Con la apertura económica en Colombia, a principios de los años 90, las fábricas de modistería empezaron a quebrar. La importación de prendas de vestir arrasó con los productos creados por las modistas colombianas, a pesar de que las telas de la ropa extranjera fueran de menor calidad, precios bajos con los que llegaban esos productos hicieron que muchas mujeres quedaran sin empleo, “mientras que un buen vestido cosido por mí o mis compañeras vale 200 mil pesos, un vestido chino ahora puede valer hasta 20 mil pesos, uno cómo compite con esas personas”, comenta Marlene.

La industrialización de las prendas de vestir incluso dentro del país ha conseguido que los precios de estas bajen y se hagan asequibles para los colombianos, “con este sueldo que uno gana, no le queda de otra que comprar en las tiendas que venden la ropa más barata, qué más quisiera uno que mandar a hacer la ropa, pero sale muy costoso”, comenta el cliente Gilberto Rozo Dangond.

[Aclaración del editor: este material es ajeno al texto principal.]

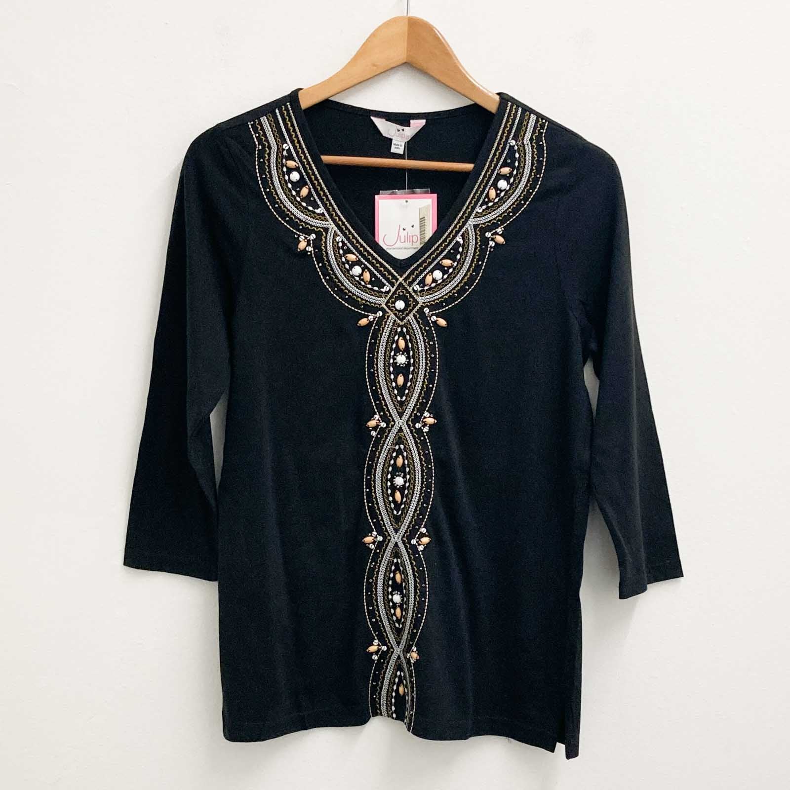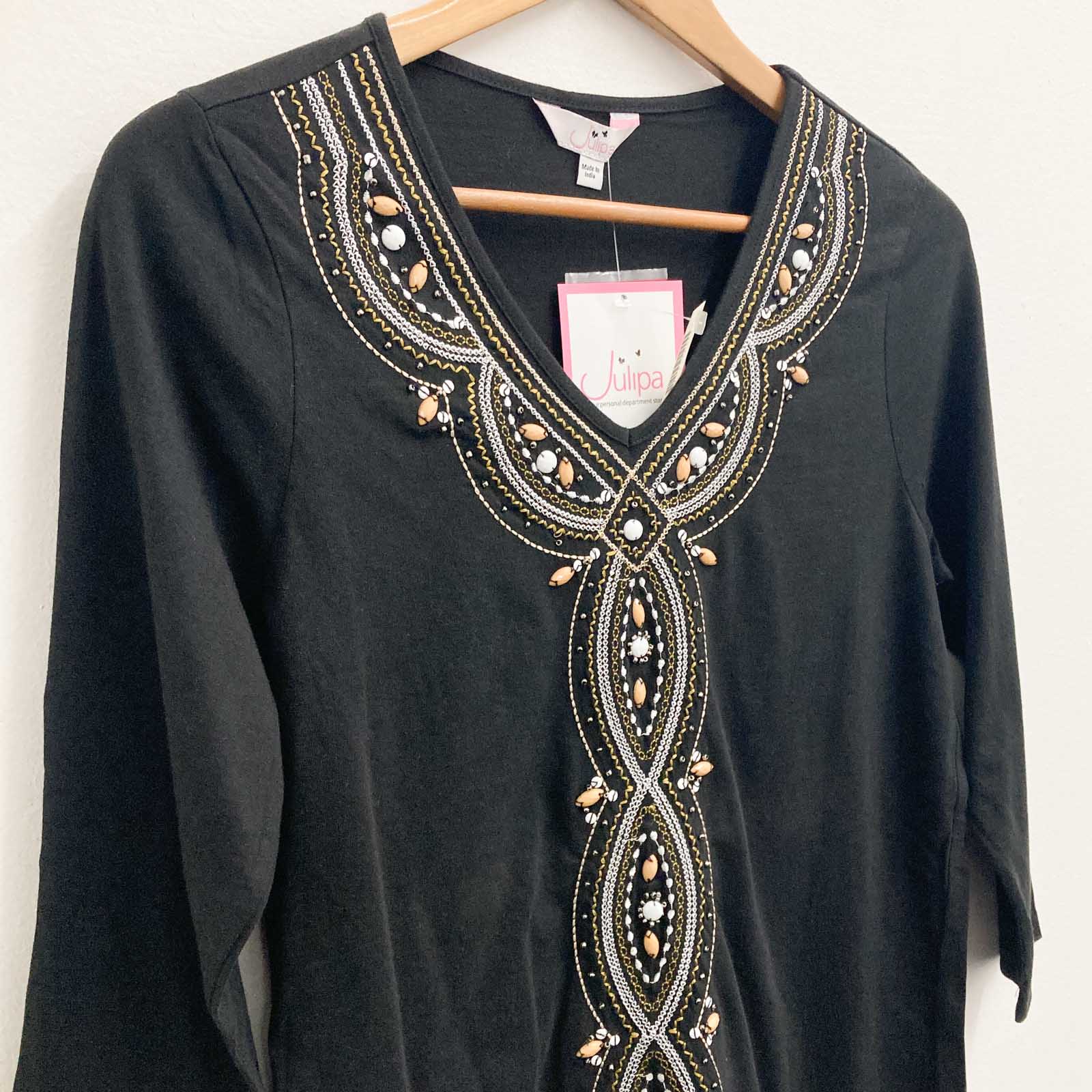 Julipa black embellished v-neck 3/4 sleeve cotton top in UK 10. Features: - Beading and embroidery on the front - 100% cotton New with tags and in excellent condition. There is a loose bead on the front (see photos).Details

La modistería hasta la década de los 90 fue incluida dentro de las asignaturas de los
colegios, en estos se les enseñaban a las mujeres a coser y a diseñar prendas que
posteriormente serían cosidas por ellas. / FOTO LEIDY JULIANA PEÑA

“Todavía hay trabajo”

Las temporadas en las que las costureras realizan más prendas son: la  escolar y las fiestas decembrinas. “Ahí es cuando uno entiende que así las personas compren ropa en los centros comerciales, siempre van a acudir a uno, porque uno es quien les ajusta esos trapos al cuerpo, la gente viene acá diciendo ‘vecina que no me queden bolsas en el pantalón’, yo pienso, para qué compran ropa que no les queda, pero bueno si compraran la ropa bien, yo no tendría trabajito”, menciona Marlene.

En diciembre una modista como Zoraida e Isabel puede ganar un millón de pesos en el mes, “si nos va bien”, dicen. En la temporada escolar pueden ganar dos salarios mínimos al mes, alrededor de un millón 656 mil pesos, “este trabajo no es desagradecido en temporada escolar, porque son muchos niños los que mandan a hacer uniformes por primera vez, y cuando el colegio decide cambiar los uniformes, mucho mejor, más clientes”, afirma Isabel. Sin embargo, en los meses restantes del año, estas mujeres no alcanzan a ganar ni un salario mínimo, puesto que los únicos trabajos que consiguen son arreglos de ropa, poner botones, poner cierres, tomar o soltar dobladillos, hacer bolsillos o poner parches en las prendas dañadas.

Marlene tiene su clínica de ropa hace 15 años en el barrio Zapamanga de Floridablanca; estas son las reglas que todo cliente debe tener presente. /
FOTO LEIDY JULIANA PEÑA

Las artesanas de moda de hoy trabajan en sus casas, frente a la extensión de su cuerpo, que las transforma frente a las máquinas de coser. Estas han cambiado con el tiempo, las primeras que usaron las modistas eran aquellas que tenían pedal, actualmente una de ese tipo cuesta alrededor de 450 mil pesos. Esta dejó de usarse y ahora ellas usan eléctricas, puesto que son más fáciles de usar. Una máquina de coser de la marca Singer cuesta cerca de dos millones de pesos, “las máquinas eléctricas no cansan tanto como las de pedal, porque cuando uno usaba esas le quedaba doliendo la pierna derecha”, recuerda Marlene.

Sin embargo, Zoraida continúa usando la de pedal, afirma que siente “una conexión especial” con ella, ya que es con la que ha trabajado durante 20 años. “A veces se daña, pero don Carlos, un técnico, siempre me la arregla, él va y me consigue los repuestos en la plaza del centro”, menciona.

Las modistas son aquellas personas que ven crecer el cuerpo de sus vecinos, que han arreglado las prendas de vestir de más de 200 personas y que les aseguran a sus clientes que sus prendas quedarán perfectas y que durarán mínimo cinco años. Estas mujeres han sacado adelante a sus hijos con su propio negocio. A pesar de que su oficio se haya combinado con el de la costurera y el sastre, ellas siguen amando a las revistas de modas, porque les gusta copiar exactamente los figurines. Estas mujeres son las artesanas de la moda, “todos quieren diseñar, pero no todos saben coser”, puntualiza Marlene.